Что такое? Чем околдован его автомат?
Ладо не почувствовал, как в него попала вторая пуля. Не почувствовал он ни боли, ни того, что рукав намок от крови, так приковал его внимание лысый гитлеровец.
Ладо вытер пот, заливший глаза, затаил дыхание и, снова прицелившись, медленно спустил курок.
Лысый свалился беззвучно, как упавшая с вешалки шинель. Остальные сейчас же залегли и открыли огонь по пригорку. Вашаломидзе понял, что враг еще боится его, и это радовало солдата.

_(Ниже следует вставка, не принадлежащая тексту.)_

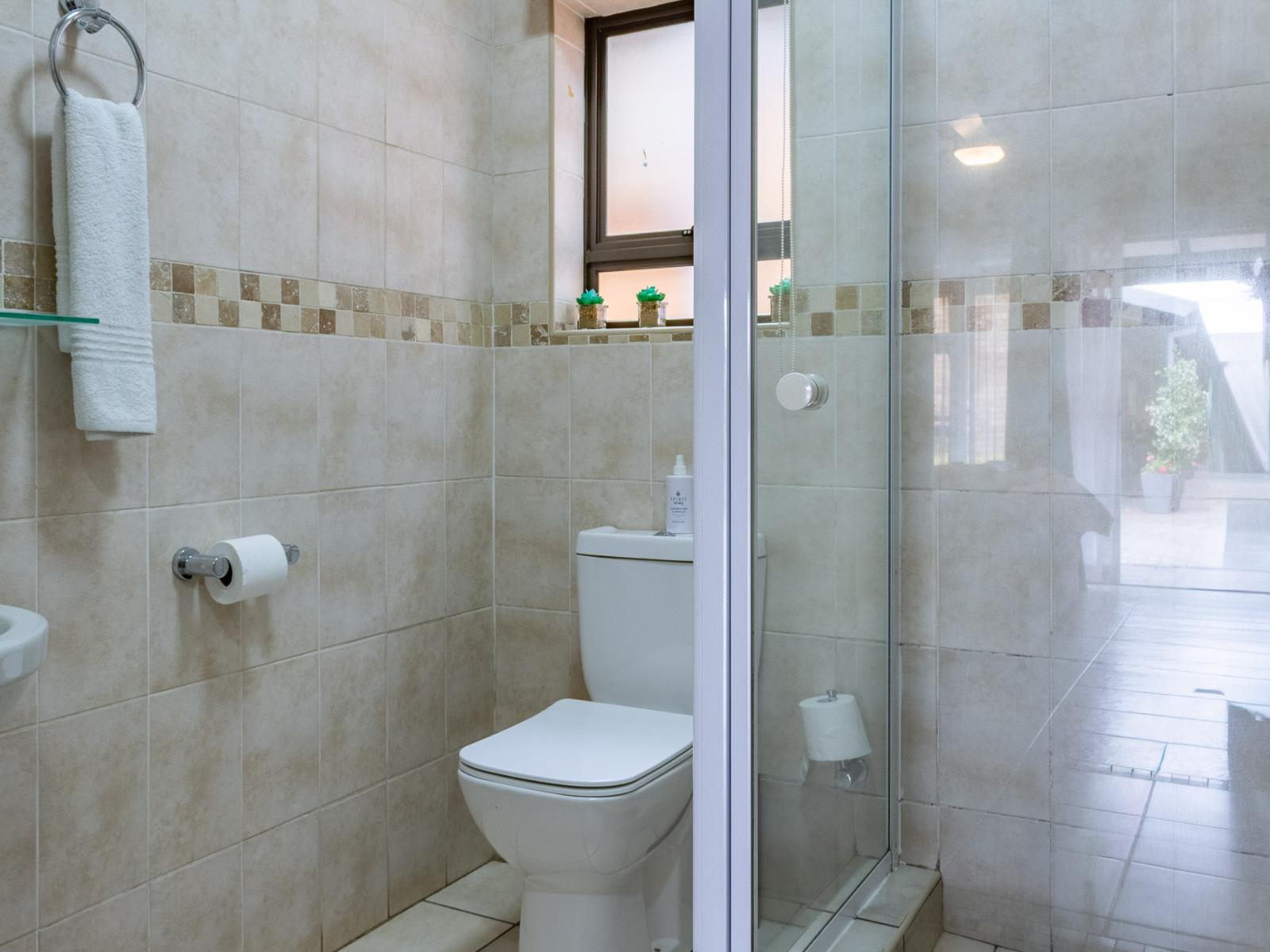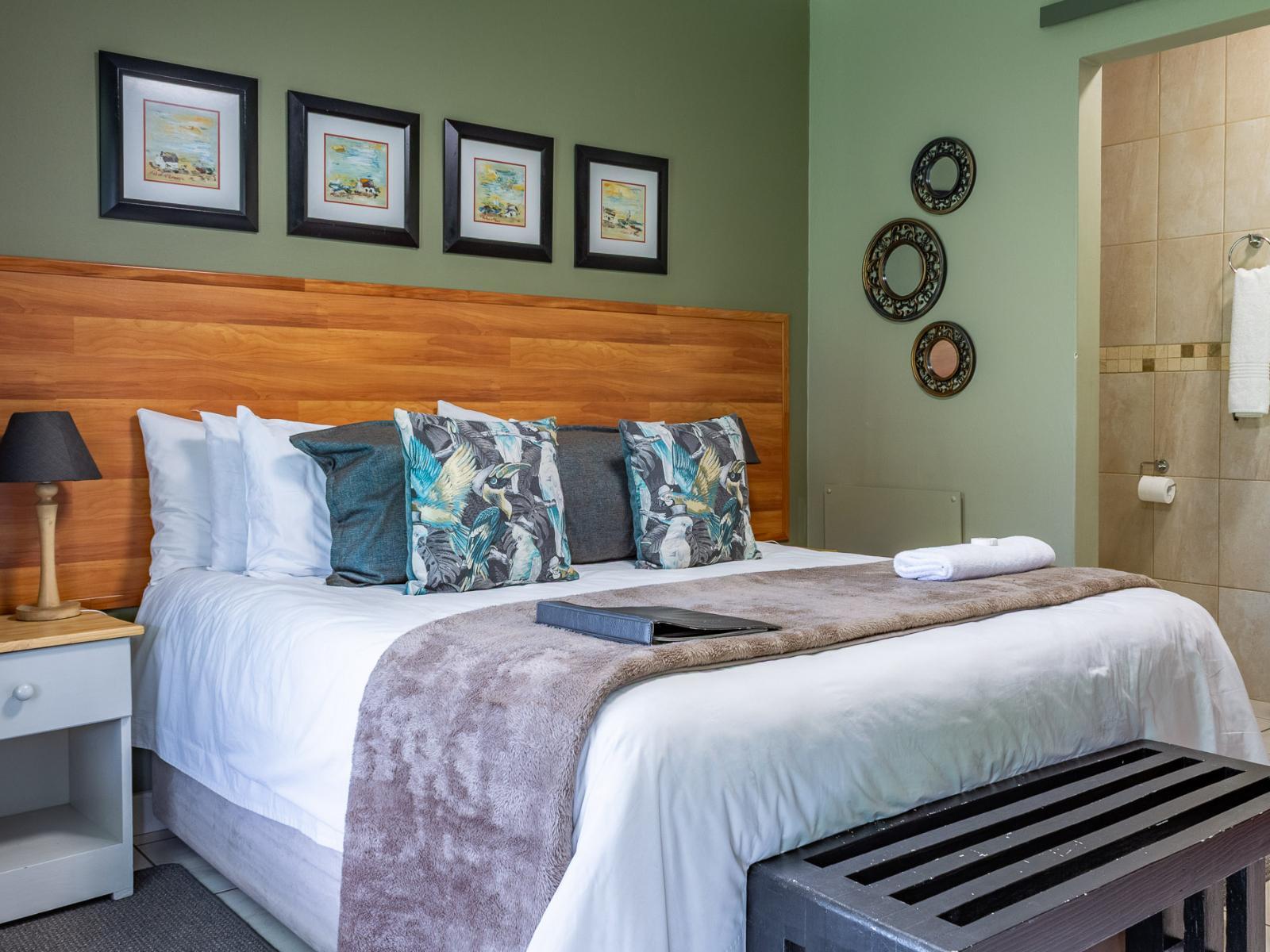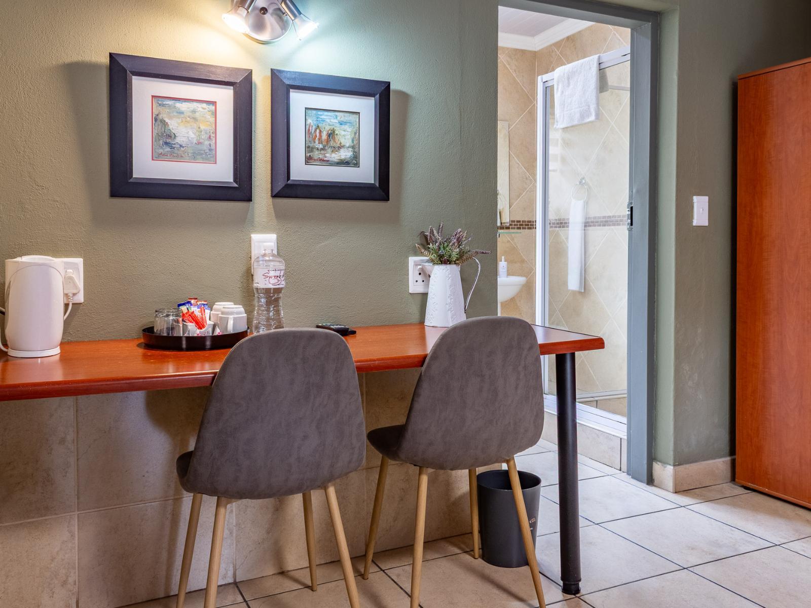 Stylish room with contemporary decor and style. Each room has a queen-size bed (Or 2 Single Beds), en-suite bathroom with a shower, bathroom amenities, wardrobe, reading chair, and a TV with DStv. Each room opens up on a verandah.

Но вдруг напряжение ослабло, и он сразу же почувствовал жгучую боль в левом плече.
«Вот и конец», — подумал Ладо и горько пожалел о том, что его жизнь окончится здесь, в этой глуши. Со всех сторон обступила пригорок ржавая степь. Нигде ни человеческого жилья, ни пашни — ничего. Чертополох, репейник да черный волчец полновластно хозяйничали на этой бесплодной земле. Тут и там были разбросаны заросшие бурьяном болотца. На опаленных зноем кустах сверкали клочья белой «оленьей пены». К раскаленному дыханию степи примешивался острый запах гнили. Темная лента болотной речки то появлялась, то снова исчезала среди зарослей камыша. В воздухе носились зеленокрылые стрекозы, гудели жуки, и порой трудно было понять, клочок ли дыма вьется вон там, над почерневшим пнем, или роится в воздухе мошкара.
Даже имени не дал человек этому пустынному месту. И он, Ладо Вашаломидзе, должен бесследно пропасть в этой забытой людьми и богом глуши, на этой затерявшейся безымянной высотке.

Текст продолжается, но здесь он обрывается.